Metastasis is the major underlying cause of breast-cancer deaths and at present is incurable. The molecular pathways which endow cancer cells with the ability to disseminate from the primary tumour, invade through stroma, and re-establish themselves in distal tissues are not well understood. At the cellular level, self-renewal, migration and invasion are recognised as key cellular processes driving the metastatic phenotype. During the epithelial-to-mesenchymal transition (EMT), epithelial cells lose polarity and gain mesenchymal traits, including the capacity to migrate and self-renew. As such, re-activation of the EMT programme in tumours is believed to be a major component of metastatic progression.

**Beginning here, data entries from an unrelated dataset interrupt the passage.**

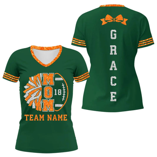 Personalized Glitter Football Cheer Mom Printed V-Neck T-Shirt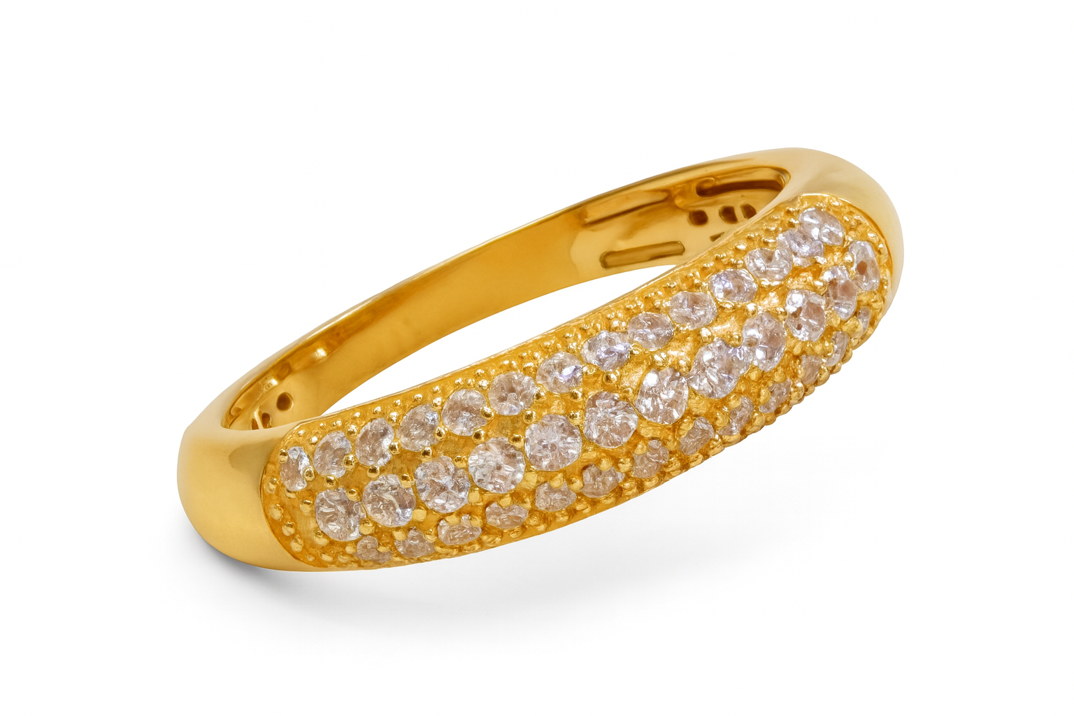 Anel aparador em ouro 18k com 3 fileiras de zircônias.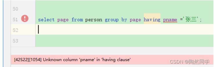 -- 小技巧, having 要添加的条件 必须要确保 分组查询的结果中有对应的字段才 可以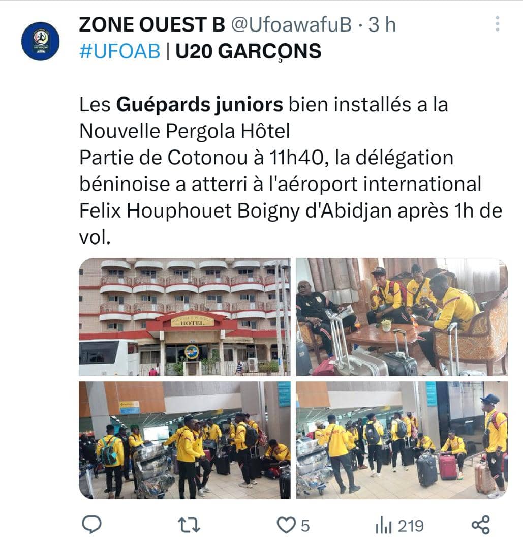 En marge de la deuxième édition de la Coupe de l’UFOA-B U20, les Guépards Juniors du Bénin sont arrivés à Abidjan où se déroule le tournoi, ce mercredi 12 juillet 2023.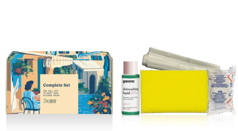 Virtuvės valymo reikmenų rinkinys (kempinė, indų ploviklis (30ml), tabletė indaplovei, šiukšlių m.)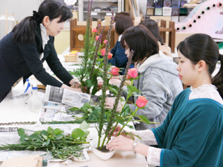 初めて触れる生け花の世界、個別に先生の指導を受けながら、医療秘書としてふさわしい教養を身に付けていきます。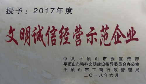 首頁 >> 走進大地 >>資質榮譽 >> 2017年度文明誠信經營示范企業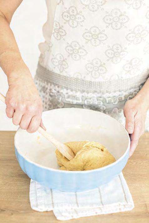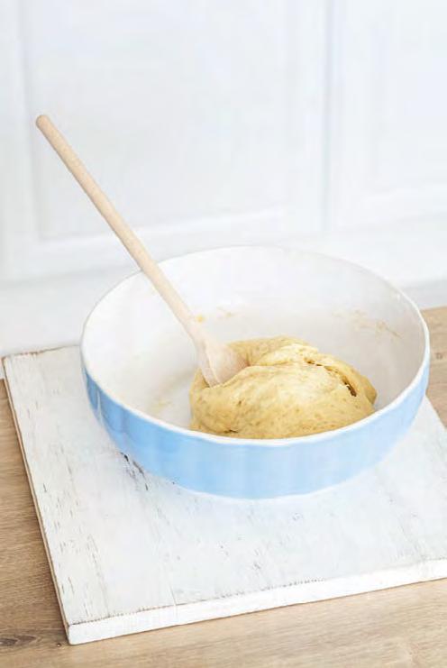 �o větší mísy prosejeme hladkou a polohrubou mouku, vmícháme špetku soli, zbylý cukr krupice a promícháme vařečkou. �řidáme kvásek, žloutek, změklé máslo, rum a pomocí vařečky nebo robotu vypracujeme těsto. Těsto by nemělo být �plně tuhé, ale nemělo by se ani lepit na prsty. �oprášíme hladkou moukou a přikryjeme utěr kou. Necháme kynout cca 1a půl hodiny na teplém místě. Mělo by zdvojnásobit svůj objem.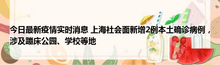 您的位置:首页 >房产频道 > 综合精选 > 今日最新疫情实时消息 上海社会面新增2例本土确诊病例,涉及蹦床公园、学校等地 2022-10-10 09:50:05 • 来源: 导读 免责声明:本文由用户上传,如有侵权请联系删除! 上一篇:手机设置置顶聊天是什么意思(手机里面置顶聊天是什么意思) 下一篇:遗落的旧时光(遗落)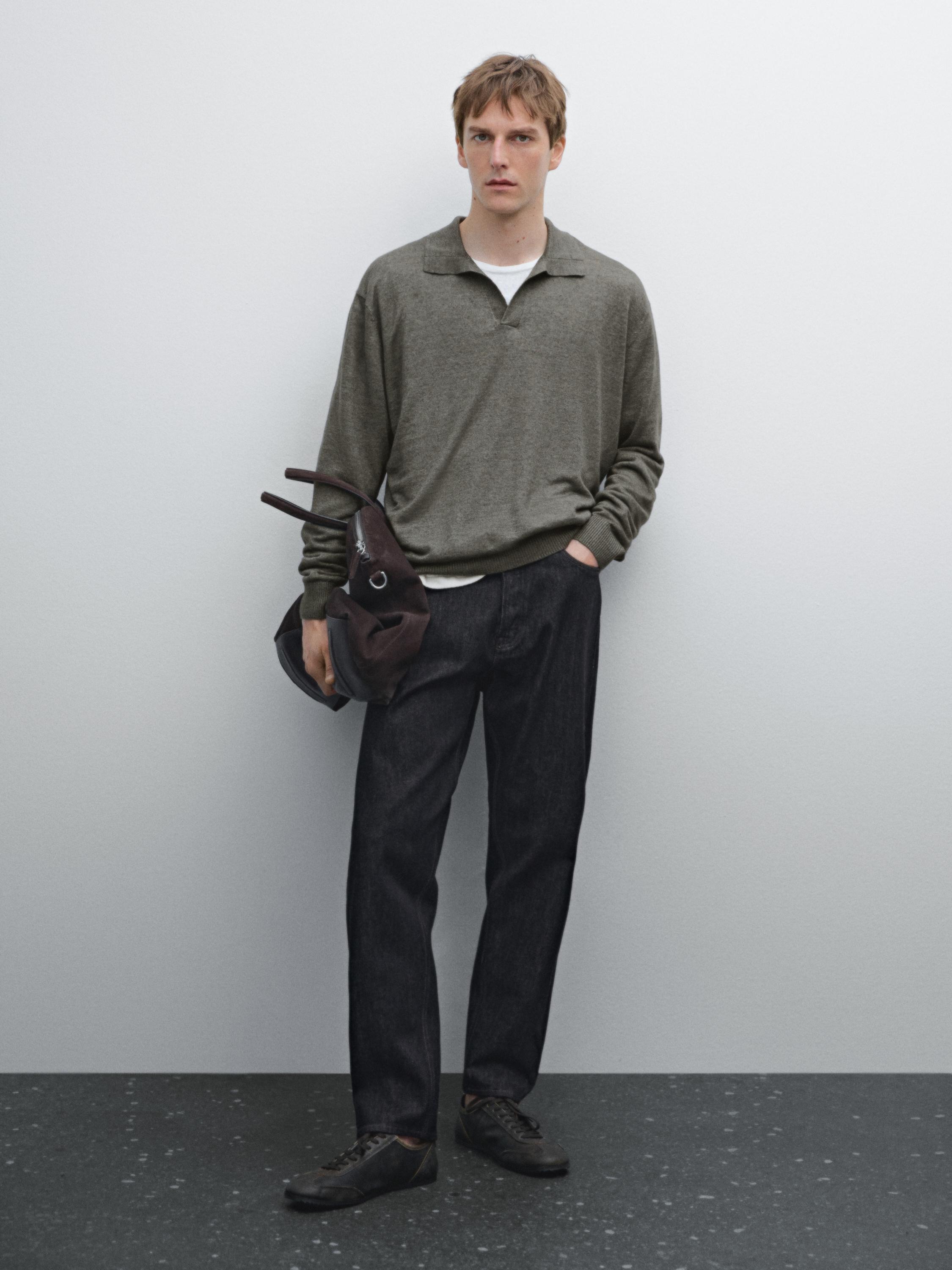 Pull en maille 100 % lin. Col en V type polo. Manches longues. Finitions côtelées . Silhouette ample et décontractée, non ajustée près du corps.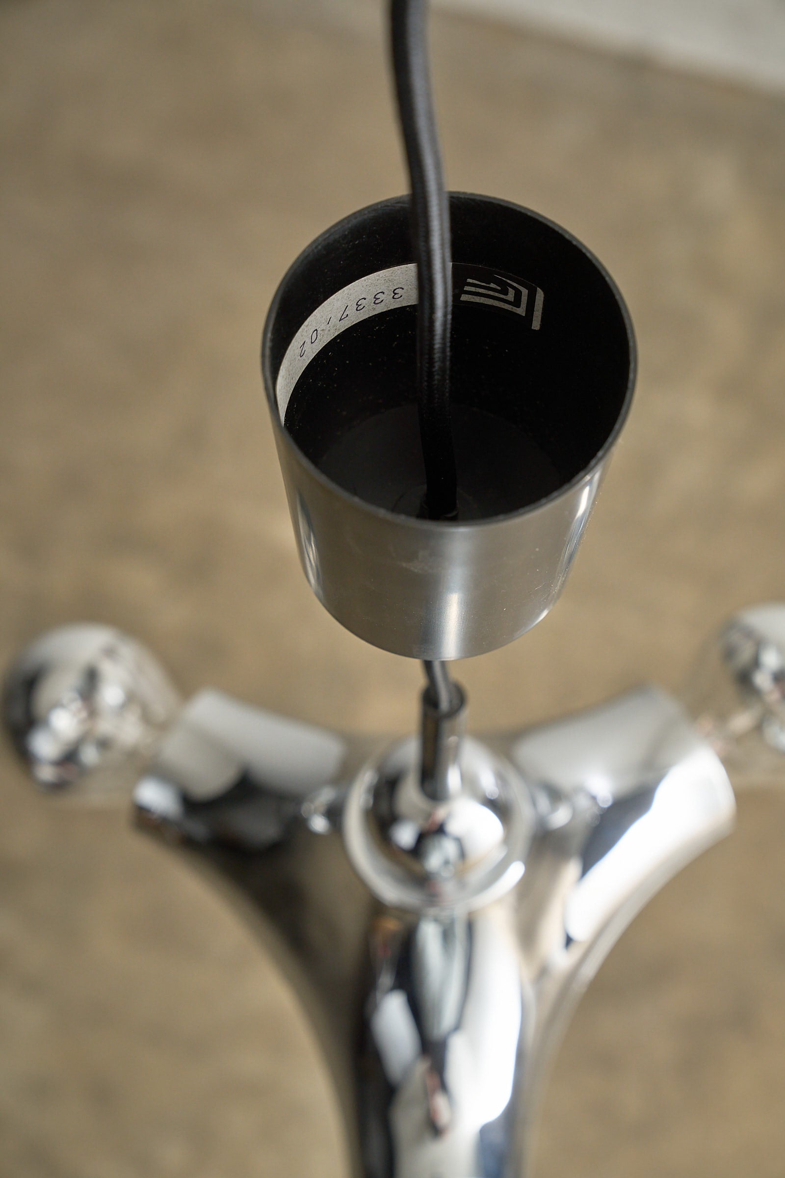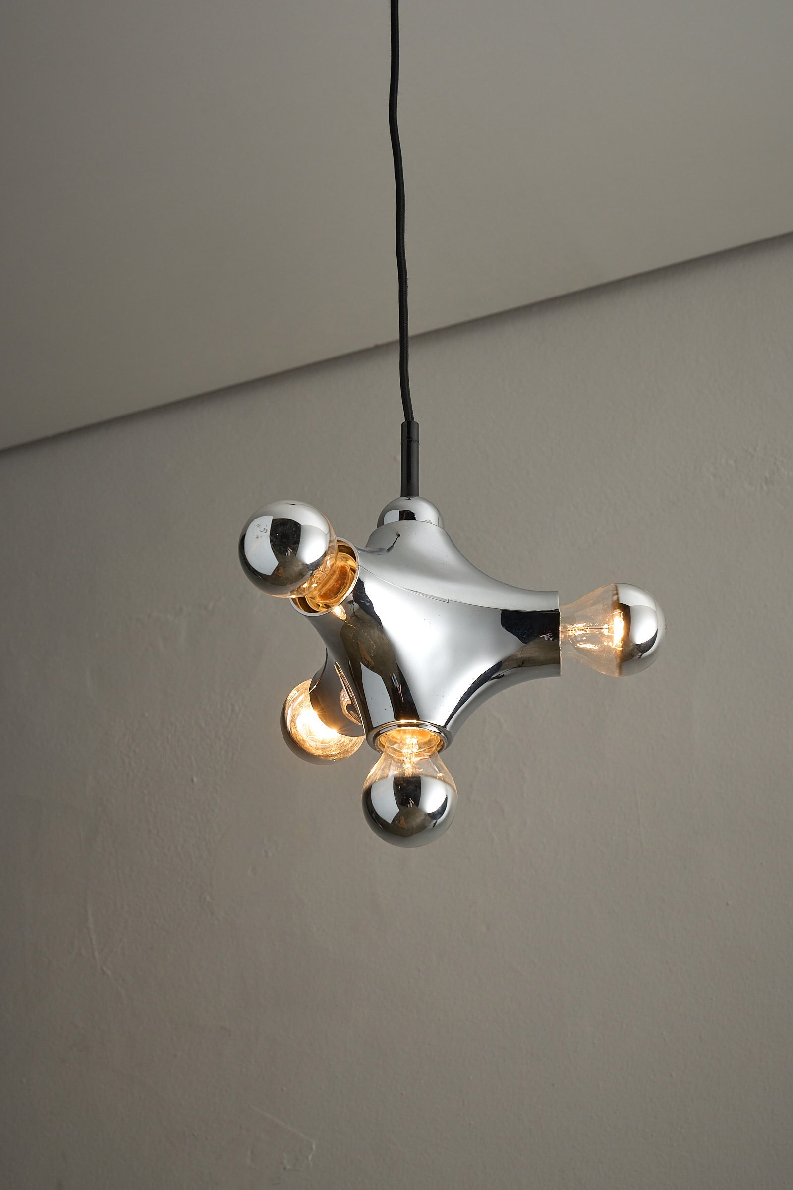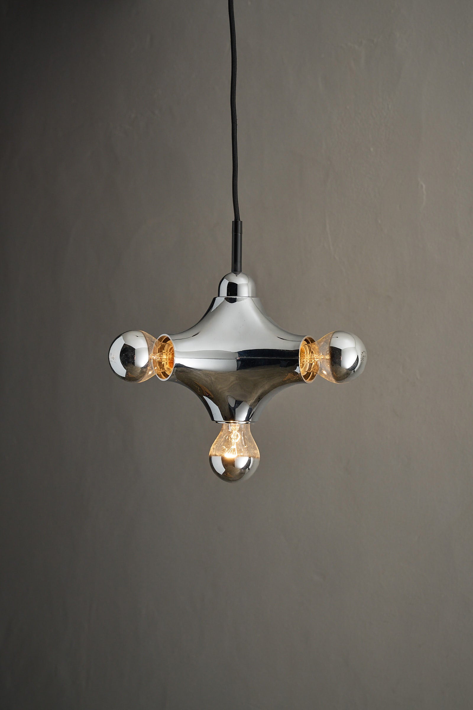 Sculptural chrome pendant lamp manufactured by Cosack Leuchten in Germany. This is a compact version of the company's iconic 'Gemini' line, identified as Model 3337, a line of lighting synonymous with the German manufacturer's Space Age aesthetic of the 1960s and 1970s.

We utilised an innovative ex-vivo microarray technique to identify miRNAs that distinguish epithelial cells from mesenchymal cells in the developing mammary gland, and hence may regulate EMT in the breast. Comparison of the miRNA expression profiles of epithelium and stroma revealed an epithelium-specific expression pattern for miR-183 and miR-200c; both miRNAs have previously been implicated in the regulation of EMT-associated self-renewal and invasion. Significantly, as we have identified these miRNAs in the physiologically relevant milieu of the mammary gland, they likely represent pathways of EMT regulation native to the breast. Consistent with a role in EMT regulation, we found that miR-183 and miR-200c expression is lost in triple negative patient samples, compared to matched normal tissue.
As miR-200c function is already well characterised, our efforts are currently focused on investigating the potential role of miR-183 in regulation of EMT in mammary epithelium. We have generated normal mammary epithelial and breast cancer cell lines with doxycycline-inducible expression of miR-183 which have enabled us to investigate the effect of miR-183 in in vitro models of EMT and metastasis, and also in vivo using pre-clinical mouse models of breast cancer.